12 April,16 at 11:07 AM
Applies to:
All versions of Centrify DirectControl on all platforms
Question:
Since the UNIX operating system is case sensitve, thus logging in with the user account "rIcHaRd" is not the same as the account "richard". On HPUX servers, users are permitted to log into HPUX servers reguardless of the case of the letters in the accounts name.
e.g. Richard == rIcHaRd == RICHARd == rICHARd
Why is this the case?
Answer:
Centrify DirectControl supports a number of different login names, and they are processed in the following priority:
1. Unix login (zone) name
2. Active Directory sAMAccountName
3. Active Directory userPrincipalName
4. Active Directory displayName
5. Active Directory CN (common name)
Unix names are case-sensitive, but Active Directory (ldap in general) values are not. In this specific case, we strongly suspect that "rIJw" also matches one of the Active Directory name values listed above, hence while the match against the Unix name did indeed fail, it successfully matched against your samAccountName, and then discovered that the "rIJw" AD user is also a Unix user called "rijw".

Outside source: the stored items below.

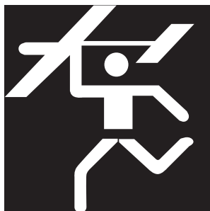
Fig. 1: Juventud. Área Social de la Plataforma para un Tiempo Radical (LVI, 4-09-1983, suplemento).

Semanas después de publicar la Plataforma se concretaba el Acto de proclamación de la UCR en la plaza Vélez Sarsfield de Córdoba con un público que sumaba 90.000 personas. En ese evento los jóvenes adquirieron una visibilidad destacada en tanto componentes de esa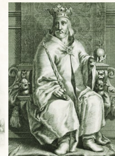
☞ Szapolyai János (I. János magyar király) a Mausoleum Potentissimorum Regum metszete alapján

IZABELLÁT HÚSZÉVESEN, KRAKKÓBAN JEGYEZTÉK EL JÁNOS KIRÁLY KÖVETEI, ÉS 1539. MÁRCIUS 2-ÁN HÁZASSÁGKÖTÉSE ALKALMÁVAL MEGKORONÁZTÁK.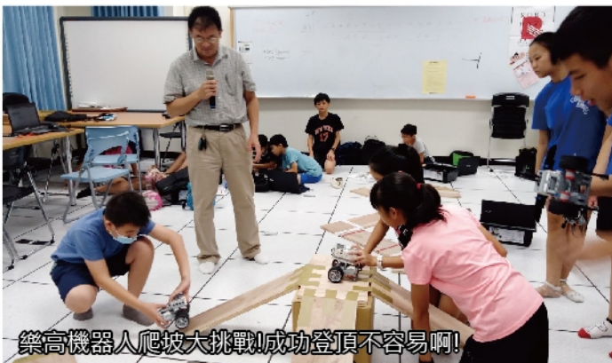
樂高機器人爬坡大挑戰!成功登頂不容易啊!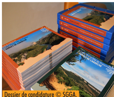
Dossier de candidature © SGGA.

Suite à ce dépôt, plusieurs étapes d'instruction (présentations, visites) se dérouleront tout au long de l'année 2026, avant la décision ministérielle concernant l'attribution du label.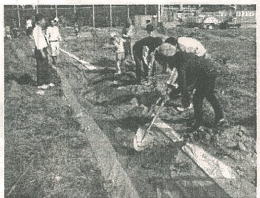
八尾北高校のリーダーシップと多様な協力で、 第2グラウンドが見ちがえるようになりました。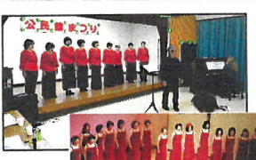
左上:草公祭でマリンエコー 右下:大町「リピーター」のコーラスグループ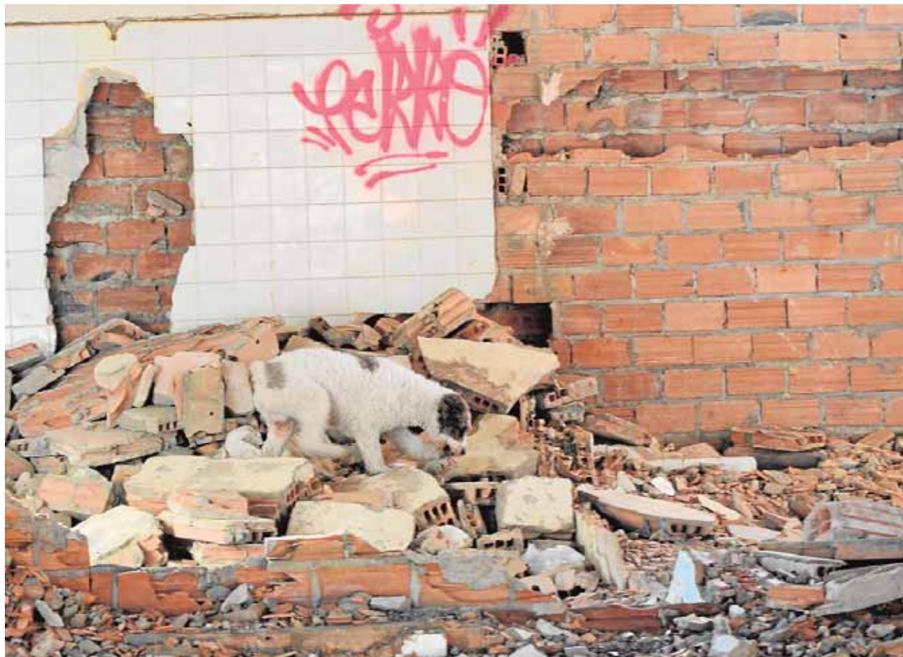
Lucas, el perro palaciego entrenado bajo el método Arcón, durante un simulacro

temporada se podrá participar hasta en ocho modalidades distintas: aerolatinos, yoga, tonificación muscular, G.A.P. (glúteos, abdominales y piernas), pilates, baile y sevillanas, mantenimiento, pádel y animación deportiva para niños. F.R.M.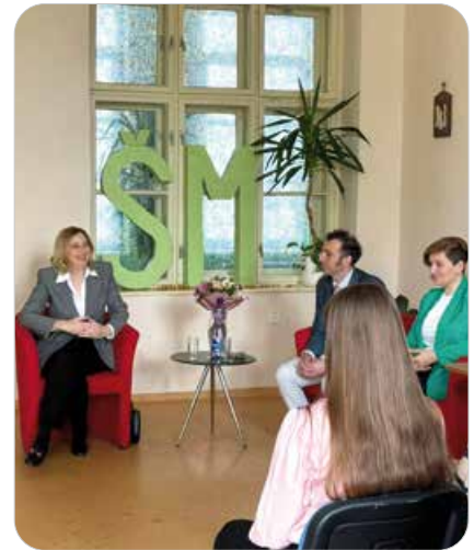
Návšteva talianskej veľvyslankyne v škole

Blížia sa zaslúžené prázdniny, ktoré už pre našich tohtoročných maturantov začali úspešným zložením maturitných skúšok . Tie dopadli veľmi dobre a sme radi, že sme v celoslovenskom meradle dosiahli nadpriemerné výsledky.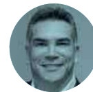
ALEJANDRO MORENO CÁRDENAS

► En los corrillos políticos se dice que el dirigente de MC, Jorge Álvarez Máynez , inició acercamientos con Claudio X. González , ex patrocinador de la alianza entre el PAN, el PRI y el PRD. La intención es explorar una coalición para la elección intermedia de 2027. También se dice que el senador panista Ricardo Anaya es el enlace.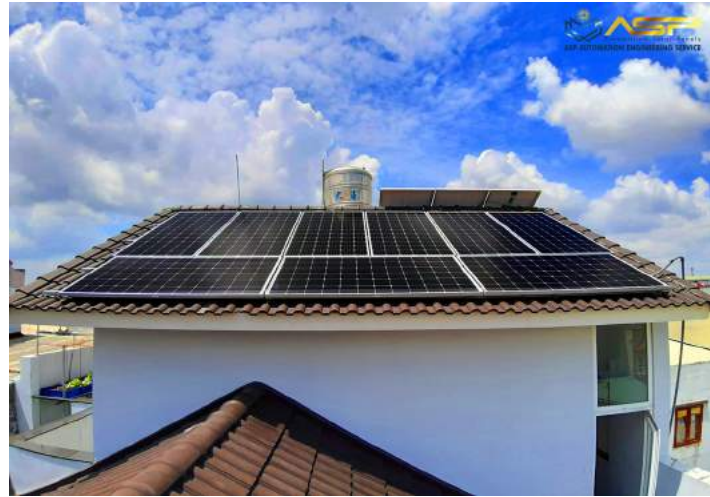
Solar Lắp Mái Ngói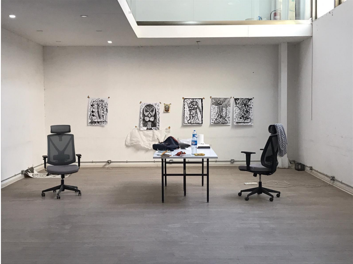
Imagen del estudio durante la residencia.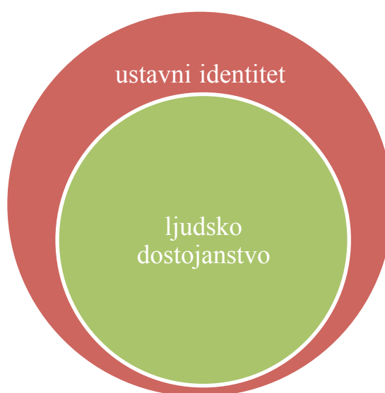
Slika 1 – Odnos ustavnog identiteta i ljudskog dostojanstva

Odnos ustavnog identiteta i ljudskog dostojanstva sa stajališta tuzemnih pravnih poredaka prikazan je na Slici 1.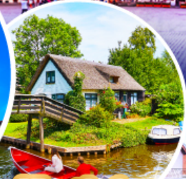
หมู่บ้านกีธูร์น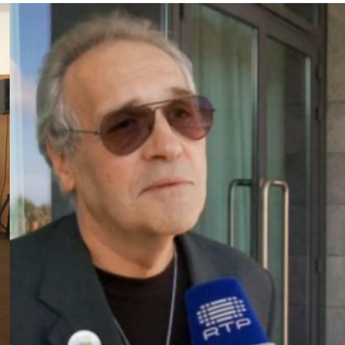
24º Graciosa 2015

Foi Mentor dos finalistas de Literatura da ACL da University of Brighton (UK 2000-2012);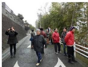
まち歩き調査の様子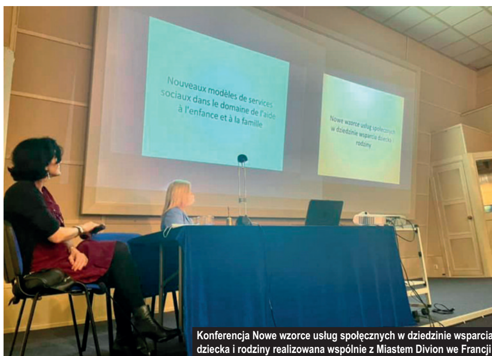
Konferencja Nowe wzorce usług społecznych w dziedzinie wsparcia dziecka i rodziny realizowana wspólnie z Miastem Divion we Francji

Efektorem bliskich kontaktów z Divion było ogromne wsparcie z pomocą dla uchodźców z Ukrainy, jakie nasza gmina otrzymała i nadal otrzymuje w roku 2022.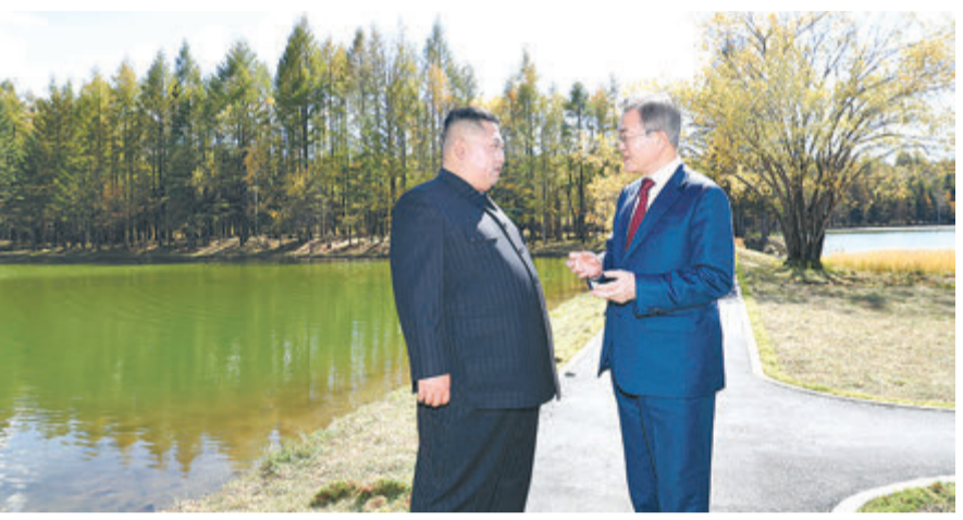
दक्षिण कोरियाली राष्ट्रपति मून जाय-इन (दायाँ) उत्तर कोरियाली नेता किम जोङ-उनसँग कुराकानी गर्दै । मून तीन दिन भ्रमण सकेर विहीबार सोल फर्केका छन् ।

वासिङ्टन (रोयटर्स/एएफपी)- अमेरिकाले कोरियाली द्वीपमा परमाणु निःशस्त्रीकरणका लागि पुनः उत्तर कोरियासँग वार्ता गर्न तयार रहेको जनाएको छ । विदेशमन्त्री माइक पोम्पियोले 'उत्तर कोरियालाई सन् २०२१ भित्र पूर्णरूपमा परमाणु अस्त्रविहीन बनाउन पुनः वार्ता गर्न तयार रहेको' विहीबार बताएका हुन् । अमेरिका र उत्तर कोरियाबीचगत जुन १२ मा सिंगापुरमा शिखर बैठक भएको थियो । उक्त वार्ताका क्रममा दुई पक्षबीच परमाणु निःशस्त्रीकरण लगायत विषयमा सहमति भएको थियो । यद्यपि, उक्त कार्यका लागि ठोस कदम भने चालिएको छैन । तर यसै साता भएको दुई कोरियाली शिखर बैठकपछि परमाणु निःशस्त्रीकरणको मुद्दामा थप कदम चालिने संकेत देखिएको छ । दक्षिण कोरियाली राष्ट्रपति मून जाय-इनसँग उत्तर कोरियाली नेता किम जोङ-उनले आफ्नो मुख्य क्षेत्राध्यक्ष प्रक्षेपण केन्द्र बन्द गर्न सहमत भएका थिए । शिखर बैठकका पहिलो पटक प्योङयाङ पुगेका मूनले दसौं हजार उत्तर कोरियालीको माफमा अभूतपूर्व भाषण गरेका थिए । उक्त अवसरमा मूनले भनेका थिए, 'परमाणु निःशस्त्रीकरणका लागि नेता किम सहमत छन् ।' अमेरिकी विदेशमन्त्री पोम्पियोले किमको महत्त्वपूर्ण प्रतिवद्धताका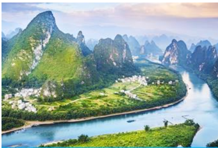
จุดชมวิวม่านน้ำหลีเจียงบนเขาเซียงกง

พักที่ GUILIN VIENNA HOTEL ระดับ 4 ดาวท้องถิ่นหรือเทียบเท่าใน เมืองกุ้ยหลิน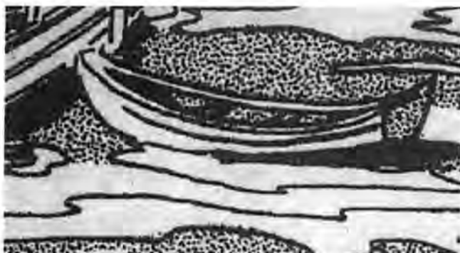
Soffan skulle lastas på båten.

- Ja, ja det är hårda bud när du ska bestämma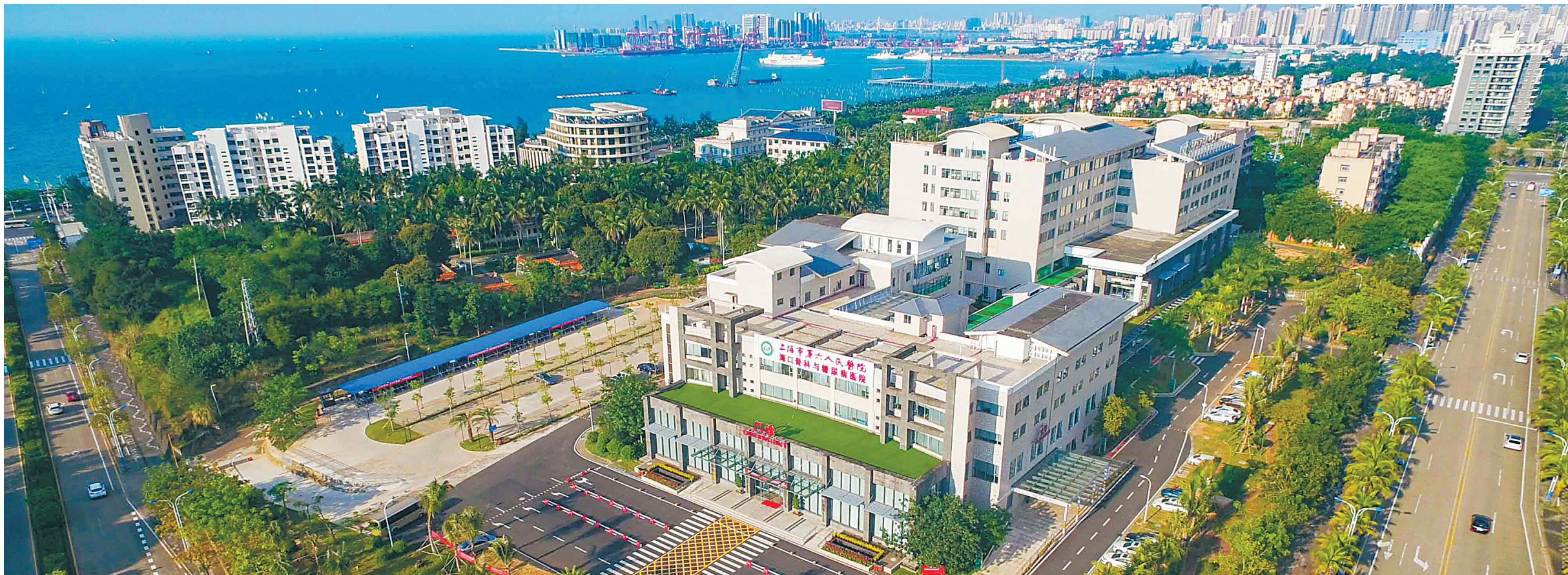
海口市骨科与糖尿病医院。

As a quick test, you could change your Unix login name in the zone from "rijw" to "richard". You would then find that attempting to login as the user "RICHARD" would fail as you expected.
Note numbers 4 and 5 can be disabled in the centrifydc.conf file setting the following properties to false:
adclient.user.lookup.display: false
adclient.user.lookup.cn: false
We recommend that new customers set these values to false to improve peformance.